素敵なカフェでゴーシュさんと夢のようなひとときを過ごした後−‥

私たちは お喋りをしながら夜想道を歩いた。
ゴーシュさんはリーシャへのプレゼントを、私はゴーシュさんからの素敵な お礼 を抱えて、お互いに見交わしながら笑い合う。


「あ‥やだ。
 いつの間にかこんな所まで来ちゃった」


夢見心地の醒めやらぬままだったが故か、気付けば今朝方に待ち合わせをした星屑の噴水を越え、大通りに面した中央広場にまで来てしまっていた。

「‥本当ですね。
 僕まで気付きませんでした」

「ふふっ。
 お互いに、夢中でしたね。
 あのお店の魔法かしら」

「もしかしたら、そうなのかもしれませんね」

ふっと笑う‥私の親友の、恋人。

「今日一日、とても楽しかったですよ。
 ありがとうございます、リリィ」

「そんな、こちらこそ‥
 とても素敵なひとときを、ありがとうございます。
 こんな素敵なプレゼントまでいただいちゃって」

両手から溢れんばかりの大きな花束。
目を閉じ顔に近づけ、その楚々とした豊潤な香りを確かめる。
胸いっぱいに広がる優美な香気−‥
それは私の中の 幸せな気持ち そのものだった。

「‥本当に、なんてお礼を言ったらいいか」

至福に酔ってか 馥郁(ふくいく)に満たされてか、浮かされたような瞳をしているであろうことが自分でも解る。

「‥いいえ。
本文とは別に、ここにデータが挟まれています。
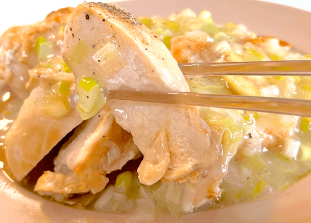 そしてねぎ塩レモンソースは片栗粉を入れたおかげでとろみがついており、鶏むね肉によく絡んでくれるので、口に入れたときによりジューシーに感じさせてくれるんです。

それは僕の気持ちですから。
 気にしないでください」

見つめれば、彼は優しい声で返してくれる。

「ゴーシュさん‥‥」

柔らかい微笑みと、温かな気遣いと、素敵すぎるほどのリーシャへの想いと−‥


 ‥リーシャ、良かったね。
 私、リーシャが選んだのがゴーシュさんで本当に嬉しい。


「それじゃ‥私はこれで失礼しますね」

花束が落ちてしまわないように片手でしっかりと胸に抱くと、もう片方の手でワンピースのスカートを押さえて右のつま先を引き、軽く会釈する。

「今日は、本当にありがとうございます」

再度 お礼の言葉を伝えた。

「‥ここで、ですか?
 せめて家まで送らせてください」

すかさずの進言。

「え‥そんな。
 そこまでお気遣いいただかなくても結構ですよ」

‥緩やかに振られる かぶり。
揺れる 銀髪。

「いいえ。それぐらいはさせてくれませんか?
 今日は、僕が誘ったんですから。
 最後まで付き合わせてください」

真剣な瞳で切り出され−−‥

「‥‥。
 そう言うことなら‥」


  甘い微笑の誘惑が降る−‥。


「‥お言葉に、甘えます」


堕ちた娘は 天つ少女(あまつおとめ)か咎人(とがびと)か−‥


「ありがとうございます、ゴーシュさん」

「いえ。では、行きましょうか」

「はい‥♪」

−‥ゴーシュさんに付き添われるその道中も、私の胸の中の暖かさが消え失せることはなかった。

忠愛。相愛。友愛。

‥屋烏(おくう)の、愛。

数多の 愛 が身体中に満ち溢れ、私の爪先から髪の一本までをも潤していく。
ゴーシュさんから知らされた、私に対するジギーの鍾愛が私を甘くとろけさせる。

そして それらから、私の心 が生まれていく。

掛け替えのない 大好きな人たちへの、伝えきれない感謝の気持ちと 慈愛(うつくしみ)を込めた大切な想いで−−‥。